Pedro,
On Wed, Dec 14, 2022 at 12:24:42PM -0600, Scott Cheloha wrote:
> On Wed, Dec 14, 2022 at 11:37:14AM +0000, Pedro Caetano wrote:
> > Hi bugs@
> >
> > In the process of upgrading a pair of servers to release 7.2, the following
> > panic was triggered after sysupgrade reboot. (dell poweredge R740)
> >
> > One of the reboots happened before syspatch, the other happened after
> > applying the release patches.
> >
> > After powercycling, both servers managed to boot successfully.
> >
> > Please keep me copied as I'm not subscribed to bugs@
> >
> >
> > Screenshot of the panic uploaded attached to this email.
>
> For reference:
>
> cpu2: 32KB 64B/line 8-way D-cache, 32KB 64b/line 8-way I-cache, 1MB 64b/line
> 16-way L2 cache, 8MB 64b/line 11-way L3 cache
> cpu2: smt 0, core 5, package 0
> panic: tsc_test_sync_ap: cpu2: tsc_ap_name is not NULL: cpu1
> panic: tsc_test_sync_ap: cpu2: tsc_ap_name is not NULL: cpu1cpu3 at mainbus0:
> apid 26 (application process
>
> Somehow your machine is violating one of the TSC sync test sanity
> checks. The idea behind this one is that there should only be one AP
> in the sync test at a time.
>
> At the start of each test, in tsc_test_sync_ap(), the AP sets
> tsc_ap_name to its dv_xname. It does this with an atomic CAS
> expecting NULL to ensure no other AP is still running the sync test.

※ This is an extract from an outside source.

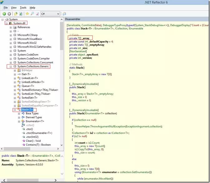 在.NET中有Stack和Queue泛型类,使用Reflector工具可以查看其具体实现。先看Stack的实现,下面是截取的部分代码,仅列出了Push,Pop方法,其他的方法希望大家自己使用Reflector查看:

> You're hitting this panic:
>
> 449 void
> 450 tsc_test_sync_ap(struct cpu_info *ci)
> 451 {
> 452 if (!tsc_is_invariant)
> 453 return;
> 454 #ifndef TSC_DEBUG
> 455 if (!tsc_is_synchronized)
> 456 return;
> 457 #endif
> 458 /* The BP needs our name in order to report any problems. */
> 459 if (atomic_cas_ptr(&tsc_ap_name, NULL, ci->ci_dev->dv_xname)
> != NULL) {
> 460 panic("%s: %s: tsc_ap_name is not NULL: %s",
> 461 __func__, ci->ci_dev->dv_xname, tsc_ap_name);
> 462 }
>
> The BP is supposed to reset tsc_ap_name to NULL at the conclusion of
> every sync test, from tsc_test_sync_bp():
>
> 415 /*
> 416 * Report what happened. Adjust the TSC's quality
> 417 * if this is the first time we've failed the test.
> 418 */
> 419 tsc_report_test_results();
> 420 if (tsc_ap_status.lag_count ||
> tsc_bp_status.lag_count) {
> 421 if (tsc_is_synchronized) {
> 422 tsc_is_synchronized = 0;
> 423 tc_reset_quality(&tsc_timecounter,
> -1000);
> 424 }
> 425 tsc_test_rounds = 0;
> 426 } else
> 427 tsc_test_rounds--;
> 428
> 429 /*
> 430 * Clean up for the next round. It is safe to reset
> the
> 431 * ingress barrier because at this point we know the
> AP
> 432 * has reached the egress barrier.
> 433 */
> 434 memset(&tsc_ap_status, 0, sizeof tsc_ap_status);
> 435 memset(&tsc_bp_status, 0, sizeof tsc_bp_status);
> 436 tsc_ingress_barrier = 0;
> 437 if (tsc_test_rounds == 0)
> 438 tsc_ap_name = NULL;
>
> It's possible the BP's store:
>
> tsc_ap_name = NULL;
>
> is not *always* globally visible by the time the next AP reaches the
> tsc_ap_name CAS, triggering the panic. If so, we could force the
> store to complete with membar_producer(). tsc_ap_name should be
> volatile, too.
>
> OTOH, it's possible this particular check is not the right thing here.
> My intention is correct... we definitely don't want more than one AP
> in the sync test at any given moment. But this tsc_ap_name handshake
> thing may be the wrong way to assert that.
Just following up on this. Have you seen the panic you reported again?